▶ **Stored data**
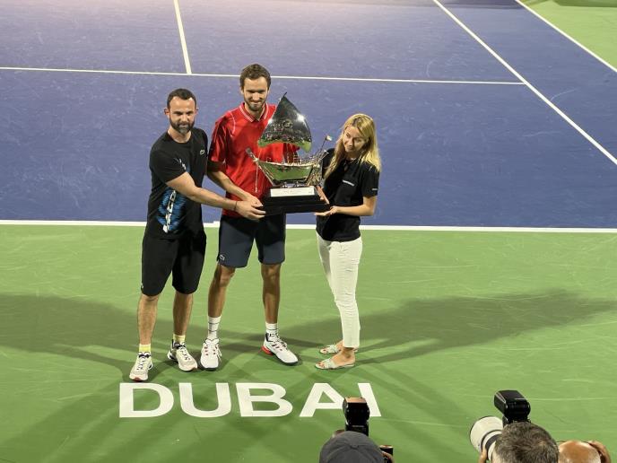 Ruski teniser Danil Medvedev osvojio je danas titulu na turniru u Dubaiju, pošto je u finalu pobedio sunarodnika Andreja Rubljova sa ubedljivih 6:2, 6:2.
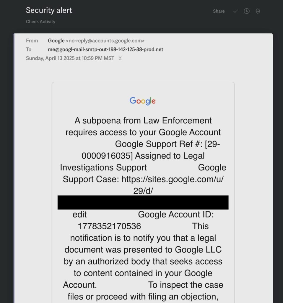 هکرها اخیراً با ارسال ایمیلهای فیشینگ از آدرسی که ظاهراً no-reply@accounts.google.com است، تعداد زیادی از کاربران گوگل را هدف قرار دادهاند. در این ایمیلها به کاربران اعلام شده بود که یک نهاد قانونی مانند پلیس بهدنبال دریافت اطلاعاتی در مورد حساب کاربریشان است.
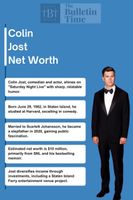 November 13, 2024 - Colin Jost, comedian, actor, and SNL writer, rose from Staten Island roots to become a leading voice in comedy. Known for his "Weekend Update" role and entrepreneurial pursuits, including a Staten Island Ferry project, Jost continues to expand his creative impact. The Bulletin Time · Net Worth ·
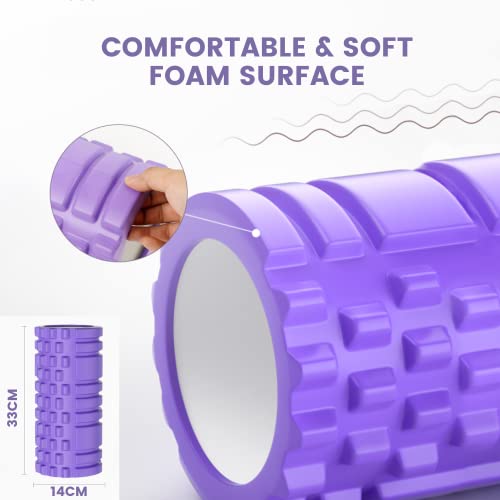 7 IN 1 MASSAGE ROLLER: Onze Foam Roller wordt zowel gebruikt voor training als voor het masseren van pijnlijke plekken na de training. Het is zeer geschikt voor yoga, pilates, stretching voor het hardlopen en herstel na het sporten om nek, rug, benen en voeten te ontlasten. Bewezen duurzaamheid en uitzonderlijke effectiviteit maken de massageroller tot een vertrouwd hulpmiddel voor fysiotherapeuten, massagetherapeuten, sporttrainers en professionele atleten. 3D-MASSAGEOPPERVLAK: De massagerol heeft een oppervlak van EVA-sportschuim, ontworpen met verhoogde of uitstekende punten die de lijnen van de handen en vingers proberen na te bootsen om een realistisch massagegevoel te creëren. Het heeft de nodige druk en kracht om massages uit te voeren die nodig zijn voor revalidatie na sportblessures en de preventie ervan. NEEM HET MEE – Dankzij de afmetingen (33x14cm) kunt u de roller gemakkelijk naar uw trainingsplek vervoeren, of het nu een sportschool, een buitenpark of gewoon het terras thuis is. Het gebruik ervan wordt aanbevolen aan het einde van de trainingssessies om de tijdens de training getrainde spieren te ontspannen. HERSTEL EN OPWARMING: Activiteiten met een hoge intensiteit gaan vaak gepaard met spiercontractie en spanning. Onze foamroller is je beste bondgenoot, omdat je hem zowel als warming-up kunt gebruiken om je flexibiliteit te verbeteren en beter te presteren; evenals stimulator om spierpijn effectief te verlichten na het sporten. ANDERE TOEPASSINGEN: De roller kan ook worden gebruikt voor massage, balansverbetering, herschikking van de wervelkolom, spiercontracties, littekenweefsel en knopen. De roller vermindert niet alleen de pijn van deze aandoeningen, maar stimuleert ook de bloedsomloop.
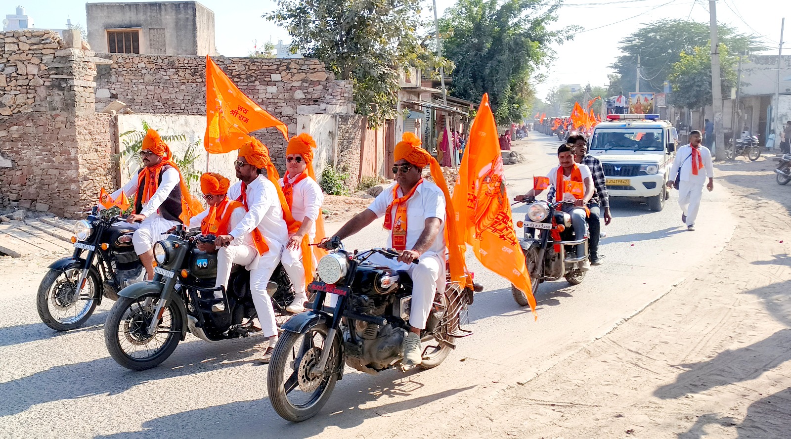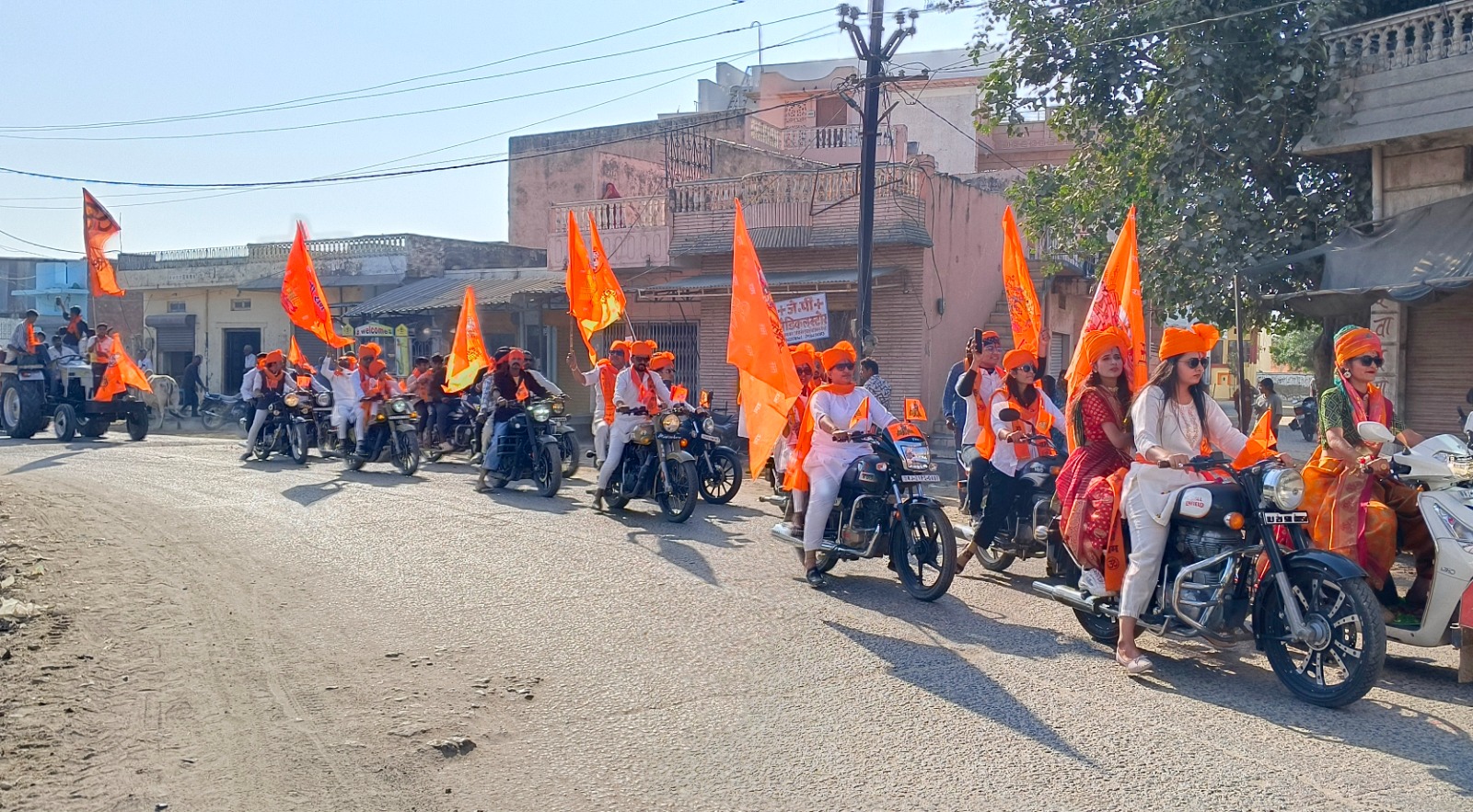 रैली में डीजे, ढोल और नगाड़ों की गूंज के बीच रामभक्तों की परंपरागत वेशभूषा मुख्य आकर्षण रही। पुरुष केसरिया साफे के साथ कुर्ता-पायजामा पहने नजर आए, वहीं मातृशक्ति केसरिया साड़ियों में और बाल वाहिनी के सदस्य भी केसरिया साफा धारण कर रैली में शामिल हुए। हाथों में भगवा ध्वज लिए श्रद्धालु “जय श्रीराम” के जयकारे लगाते चल रहे थे।
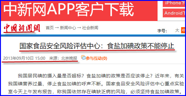 2、内蒙古自治区产品质量检验所发现“盐碘含量平均值分别为139mg/kg和587mg/kg”
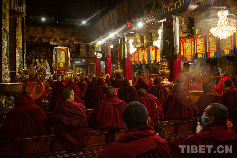 圖為十一世班禪在釋迦牟尼佛像前帶領(lǐng)眾僧念誦經(jīng)文 攝影:鄭朔
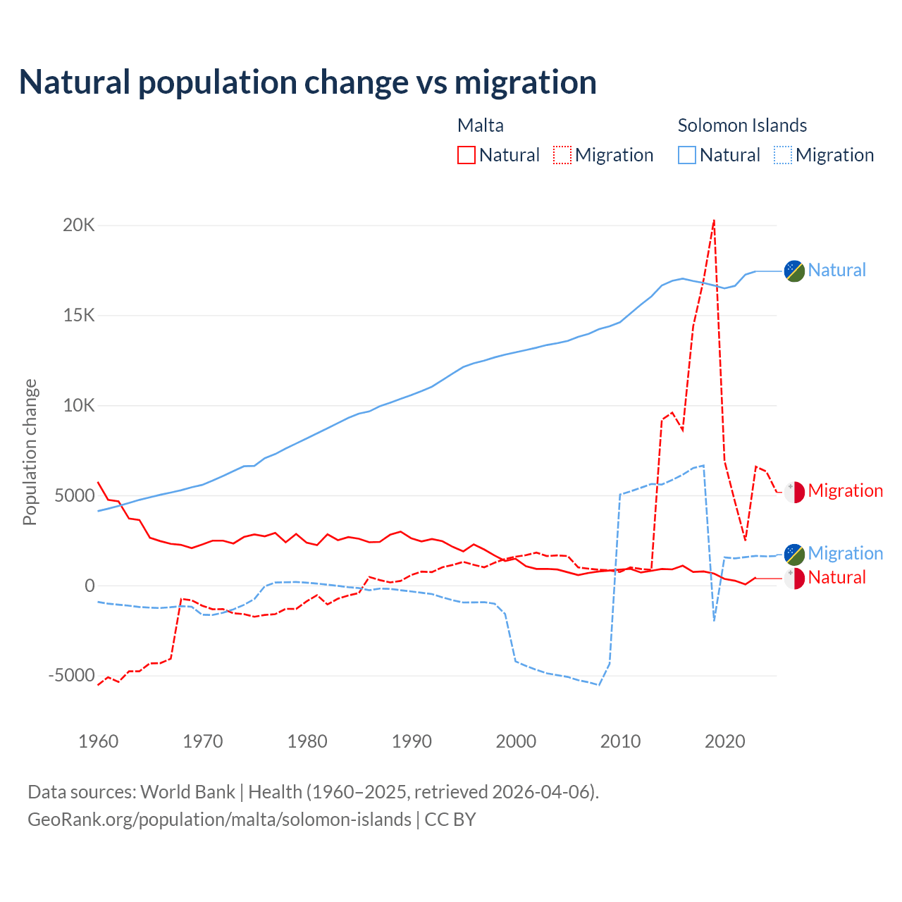 Over the last 10 years, 5.84% of the population change in Malta is from natural causes (a gain of 6,181 people) and 94.2% is from migration (a gain of 99,652 people). In the Solomon Islands 82.8% is from natural causes (a gain of 168,727 people) and 17.2% is from migration (a gain of 35,031 people).

▶ **About this task**
Write out all the entries again, word for word, and print no images.

▶ **Task response**
 Ruski teniser Danil Medvedev osvojio je danas titulu na turniru u Dubaiju, pošto je u finalu pobedio sunarodnika Andreja Rubljova sa ubedljivih 6:2, 6:2.
 هکرها اخیراً با ارسال ایمیلهای فیشینگ از آدرسی که ظاهراً no-reply@accounts.google.com است، تعداد زیادی از کاربران گوگل را هدف قرار دادهاند. در این ایمیلها به کاربران اعلام شده بود که یک نهاد قانونی مانند پلیس بهدنبال دریافت اطلاعاتی در مورد حساب کاربریشان است.
 November 13, 2024 - Colin Jost, comedian, actor, and SNL writer, rose from Staten Island roots to become a leading voice in comedy. Known for his "Weekend Update" role and entrepreneurial pursuits, including a Staten Island Ferry project, Jost continues to expand his creative impact. The Bulletin Time · Net Worth ·
 7 IN 1 MASSAGE ROLLER: Onze Foam Roller wordt zowel gebruikt voor training als voor het masseren van pijnlijke plekken na de training. Het is zeer geschikt voor yoga, pilates, stretching voor het hardlopen en herstel na het sporten om nek, rug, benen en voeten te ontlasten. Bewezen duurzaamheid en uitzonderlijke effectiviteit maken de massageroller tot een vertrouwd hulpmiddel voor fysiotherapeuten, massagetherapeuten, sporttrainers en professionele atleten. 3D-MASSAGEOPPERVLAK: De massagerol heeft een oppervlak van EVA-sportschuim, ontworpen met verhoogde of uitstekende punten die de lijnen van de handen en vingers proberen na te bootsen om een realistisch massagegevoel te creëren. Het heeft de nodige druk en kracht om massages uit te voeren die nodig zijn voor revalidatie na sportblessures en de preventie ervan. NEEM HET MEE – Dankzij de afmetingen (33x14cm) kunt u de roller gemakkelijk naar uw trainingsplek vervoeren, of het nu een sportschool, een buitenpark of gewoon het terras thuis is. Het gebruik ervan wordt aanbevolen aan het einde van de trainingssessies om de tijdens de training getrainde spieren te ontspannen. HERSTEL EN OPWARMING: Activiteiten met een hoge intensiteit gaan vaak gepaard met spiercontractie en spanning. Onze foamroller is je beste bondgenoot, omdat je hem zowel als warming-up kunt gebruiken om je flexibiliteit te verbeteren en beter te presteren; evenals stimulator om spierpijn effectief te verlichten na het sporten. ANDERE TOEPASSINGEN: De roller kan ook worden gebruikt voor massage, balansverbetering, herschikking van de wervelkolom, spiercontracties, littekenweefsel en knopen. De roller vermindert niet alleen de pijn van deze aandoeningen, maar stimuleert ook de bloedsomloop.
 रैली में डीजे, ढोल और नगाड़ों की गूंज के बीच रामभक्तों की परंपरागत वेशभूषा मुख्य आकर्षण रही। पुरुष केसरिया साफे के साथ कुर्ता-पायजामा पहने नजर आए, वहीं मातृशक्ति केसरिया साड़ियों में और बाल वाहिनी के सदस्य भी केसरिया साफा धारण कर रैली में शामिल हुए। हाथों में भगवा ध्वज लिए श्रद्धालु “जय श्रीराम” के जयकारे लगाते चल रहे थे।
 2、内蒙古自治区产品质量检验所发现“盐碘含量平均值分别为139mg/kg和587mg/kg”
 圖為十一世班禪在釋迦牟尼佛像前帶領(lǐng)眾僧念誦經(jīng)文 攝影:鄭朔
 Over the last 10 years, 5.84% of the population change in Malta is from natural causes (a gain of 6,181 people) and 94.2% is from migration (a gain of 99,652 people). In the Solomon Islands 82.8% is from natural causes (a gain of 168,727 people) and 17.2% is from migration (a gain of 35,031 people).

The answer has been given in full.